季節や環境の変化に関わらず、質量ともに安定したすりみの生産を実現しています。

さらに、従来のすりみには品質の安定のために、一部に卵を使っていました。
おいしさはそのままで、卵を使わないで製品化できるように、すりみのグレードをあげたり、配合を変更するなど約1年の試行錯誤を経て、「卵を使用しなくてもすりみの品質を安定させる」という独自の技術を確立。
卵を一切使用しない「おさかなのソーセージ」ができあがったのです。

卵を使用しないすりみ加工が行われている

ポイント2. 「使わない」「混入させない」生産・品質管理体制で、卵フリーを実現

すりみを作る工程での生産体制・検査

「おさかなのソーセージ」の主原料である、すりみをつくる工程では、卵由来物質(鶏卵及び鶏卵由来物質)が混入しない生産体制を確立すると同時に、製造したすりみには、卵が入っていないか検査を行っています。
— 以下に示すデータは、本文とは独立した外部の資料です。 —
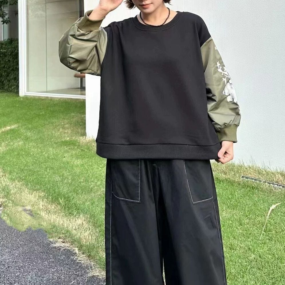 EMBROIDERED CONTRAST SLEEVE DESIGN SWEAT SHIRT 2colors M-15208
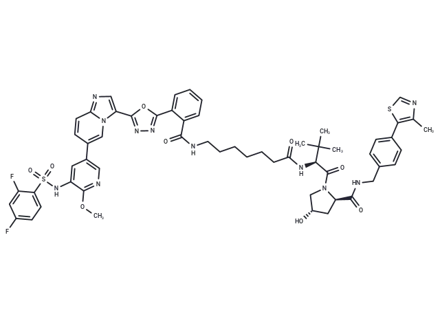– COc1ncc(cc1NS(=O)(=O)c1ccc(F)cc1F)-c1ccc2ncc(-c3nnc(o3)-c3ccccc3C(=O)NCCCCCCC(=O)N[C@H](C(=O)N3C[C@@H](O)C[C@@H]3C(=O)NCc3ccc(cc3)-c3scnc3C)C(C)(C)C)n2c1

すりみ以外のすべての副原料(調味料等)についての選定

製造している企業等にニッスイの担当者がお伺いして、卵由来物質の混入防止対策が確実に実施されているか、卵由来物質の混入の可能性がないかを確認した上で副原料を選定しています。

「おさかなのソーセージ」を作る工場

「おさかなのソーセージ」を作る工場では卵由来物質は一切使用していません。

さらに、定期的に使用するすべての主副原料について卵アレルゲン(※2)の分析を実施し、卵由来物質が混入していないかを確認しています。

このように、「卵が入った材料を使わない」「卵を混入させない」という万全の生産・品質管理体制をとっているからこそ、「卵を一切使っていません」という卵フリーの製品をご提供できているのです。
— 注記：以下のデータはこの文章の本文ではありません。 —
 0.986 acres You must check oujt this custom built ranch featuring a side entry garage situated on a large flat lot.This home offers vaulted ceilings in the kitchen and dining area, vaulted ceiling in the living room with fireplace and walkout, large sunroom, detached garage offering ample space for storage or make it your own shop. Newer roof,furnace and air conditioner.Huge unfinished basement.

ポイント3. 原料の統一・品質の安定化により、トクホの認定を実現

「おさかなのソーセージ」は、消費者庁による「疾病リスク低減表示」が認められたカルシウムの特定保健用食品です。
「おさかなのソーセージ」には、1本(75g)で1日あたりの栄養素等表示基準値に占める割合の50%(350mg)のカルシウムが含まれています。

トクホ商品は関与成分(カルシウム)量が規格値を下回らないことが規定されているため、
上市(じょうし)(※3)するにあたり、複数ある生産工場の主副原料の統一を行い、品質の安定化を図りました。

着色料をトマトリコピン・くちなしの植物系色素に変更

「おさかなのソーセージ」に使用する着色料は、以前は動物由来のコチニール色素を使っていましたが、今はトマトリコピン・くちなしの植物系色素を使って着色しています。
変更にあたっては、ニッスイの作る「フィッシュソーセージ」の色調にこだわっていろいろな色素をテストした結果、自然由来のトマトリコピンとくちなしを利用することにしました。
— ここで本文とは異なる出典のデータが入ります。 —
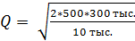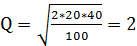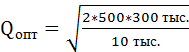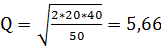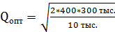 Q = (2 × 20 × 2000/0.1 × 5)1/2 = 400 ед.
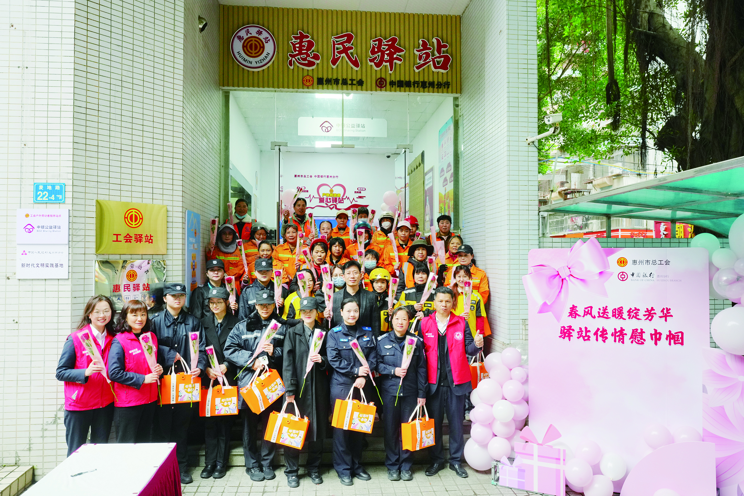 人間最美三月天,春花爛漫綻新顏。為了加強對女性戶外勞動者關(guān)心關(guān)愛,在第115個“三八”國際勞動婦女節(jié)到來之際,3月6日上午,惠州市總工會聯(lián)合中國銀行惠州分行(以下簡稱“惠州中行”)在惠州中行惠民驛站開展“春風送暖綻芳華 驛站傳情慰巾幗”關(guān)愛活動,吸引50多名來自環(huán)衛(wèi)、外賣、協(xié)警、安保等行業(yè)的女性戶外勞動者前來參加。

リコピンはビタミンEの約100倍の抗酸化作用を持つ、トマトから抽出した色素です。
くちなしは、古来より漢方薬として利用されていた他、飲食物の着色料としても活用されてきました。

この2つの植物性色素を使って、これまで同様、フィッシュソーセージとしての自然な色合いの「おさかなのソーセージ」に生まれ変わりました。


  1. ※1特定保健用食品
    特定保健用食品とは、食品の持つ特定の用途を表示して販売される食品です。食品の有効性や安全性について審査を受け、表示について国の許可を受ける必要があります。許可を受けた食品だけが「特定保健用食品」のマークを付けることができます。
  2. ※2卵アレルゲン
    「卵由来のたんぱく」のことで、卵白だけで40種類以上もの種類があります。
  3. ※3上市(じょうし)
    新製品の発売する際、市場(しじょう)の動向をみるために新製品を投入することを言います。